WHAT YOU WILL DO → Your answer must be a word-for-word copy of the listing below, minus its pictures.

RECORDS TO PROCESS →
------------------------
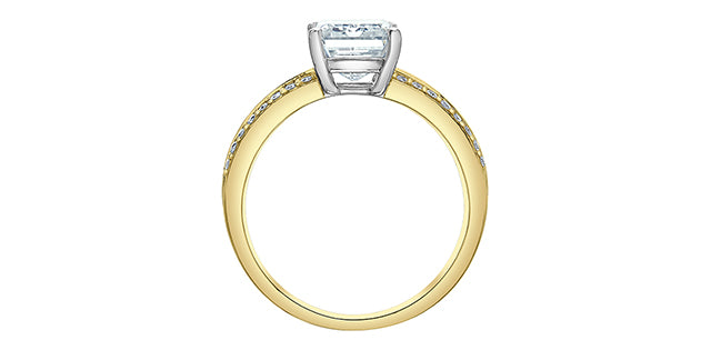 14 K yellow and white gold Lab Created Diamond Engagement Ring containing a 3.08 ct Emerald cut in the centre
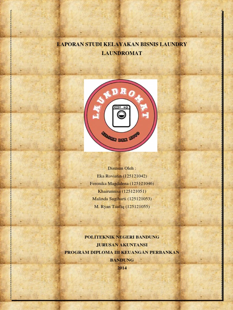 Contoh makalah studi kelayakan bisnis usaha laundry. Yang dimana proposal usaha ini bernama meitasari laundry. Contoh proposal usaha laundry. Laporan keuangan perusahaan jasa laundry sama dengan jenis usaha yang lain. Laundry adalah bentuk usaha jasa yakni jasa mencuci mengeringkan hingga menyetrika pakaian.
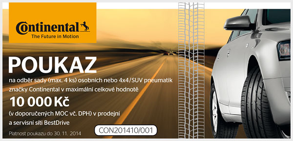 Chcete přezout svůj vůz na tuto zimu snadno a rychle? Zapojte se do soutěže a vyhrajte jeden ze 3 poukazů v hodnotě 10 000 Kč na nákup zimních osobních pneumatik Continental.
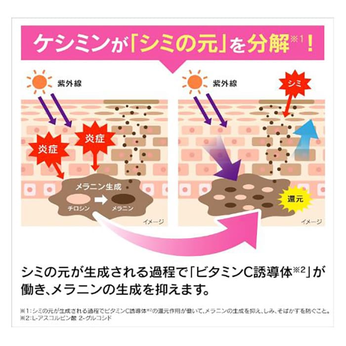 ビタミンC誘導体は、シミやくすみの原因となるメラニンの生成を抑制します。
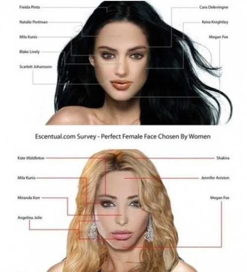 '남녀가 생각하는 미인'에 따르면 남성과 여성의 미인 기준은 확연한 차이를 보인다. 샤키라의 금발, 제니퍼 애니스톤의 이마, 밀라 쿠니스의 눈, 미란다 커의 코, 안젤리나 졸리의 입술과 광대뼈를 선호하는 남성과 달리 여성은 프리다 핀토의 흑발과 나탈리 포트만의 이마, 블레이크 라이블리의 코와 스칼렛 요한슨의 입술을 선호하는 것으로 알려졌다.
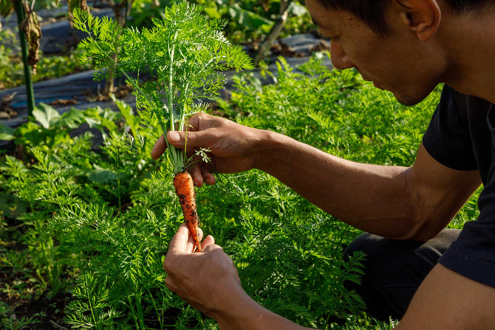 「毎日畑に行って収穫すると、野菜の成長過程での風味や味わいの違いがよくわかりますね。例えば出始めのケールは柔らかくて甘い。だから生で食べてほしいなと思う。シーズン終わりのケールは葉が強くて味も濃い。だから火を通してその味を引き出したりします。若いにんじんは水分を含んで皮もうすく、柔らかい。日々の野菜の味は、その日だけのもの。だから僕はレシピをもたずに、その日採れた野菜を見ながら料理の仕方を決めていきます」と、畑を案内してくれたタシ氏は、笑顔で教えてくれた。
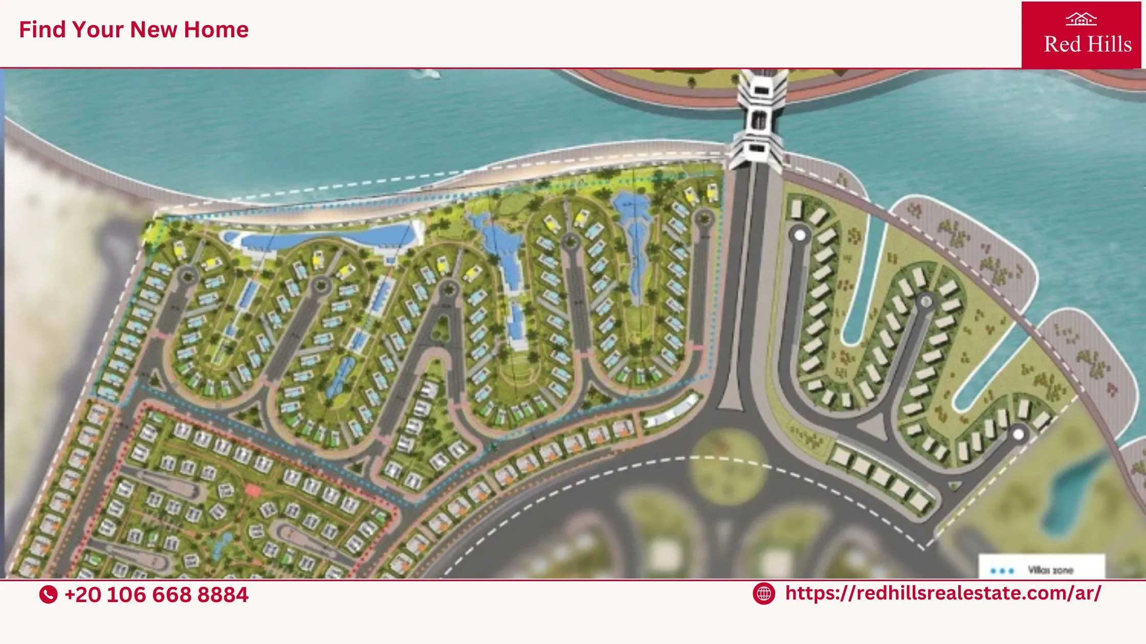 هنا ستجد نفسك أمام مجتمع ساحلي من الفلل الراقية والتاون هاوس والشاليهات بأقل كثافة سُكانية ليعزز الخصوصية التامة مع إطلالة بانورامية على شاطئ البحر أو البحيرات الصناعية.
------------------------
EXPECTED ANSWER →
 14 K yellow and white gold Lab Created Diamond Engagement Ring containing a 3.08 ct Emerald cut in the centre
 Contoh makalah studi kelayakan bisnis usaha laundry. Yang dimana proposal usaha ini bernama meitasari laundry. Contoh proposal usaha laundry. Laporan keuangan perusahaan jasa laundry sama dengan jenis usaha yang lain. Laundry adalah bentuk usaha jasa yakni jasa mencuci mengeringkan hingga menyetrika pakaian.
 Chcete přezout svůj vůz na tuto zimu snadno a rychle? Zapojte se do soutěže a vyhrajte jeden ze 3 poukazů v hodnotě 10 000 Kč na nákup zimních osobních pneumatik Continental.
 ビタミンC誘導体は、シミやくすみの原因となるメラニンの生成を抑制します。
 '남녀가 생각하는 미인'에 따르면 남성과 여성의 미인 기준은 확연한 차이를 보인다. 샤키라의 금발, 제니퍼 애니스톤의 이마, 밀라 쿠니스의 눈, 미란다 커의 코, 안젤리나 졸리의 입술과 광대뼈를 선호하는 남성과 달리 여성은 프리다 핀토의 흑발과 나탈리 포트만의 이마, 블레이크 라이블리의 코와 스칼렛 요한슨의 입술을 선호하는 것으로 알려졌다.
 「毎日畑に行って収穫すると、野菜の成長過程での風味や味わいの違いがよくわかりますね。例えば出始めのケールは柔らかくて甘い。だから生で食べてほしいなと思う。シーズン終わりのケールは葉が強くて味も濃い。だから火を通してその味を引き出したりします。若いにんじんは水分を含んで皮もうすく、柔らかい。日々の野菜の味は、その日だけのもの。だから僕はレシピをもたずに、その日採れた野菜を見ながら料理の仕方を決めていきます」と、畑を案内してくれたタシ氏は、笑顔で教えてくれた。
 هنا ستجد نفسك أمام مجتمع ساحلي من الفلل الراقية والتاون هاوس والشاليهات بأقل كثافة سُكانية ليعزز الخصوصية التامة مع إطلالة بانورامية على شاطئ البحر أو البحيرات الصناعية.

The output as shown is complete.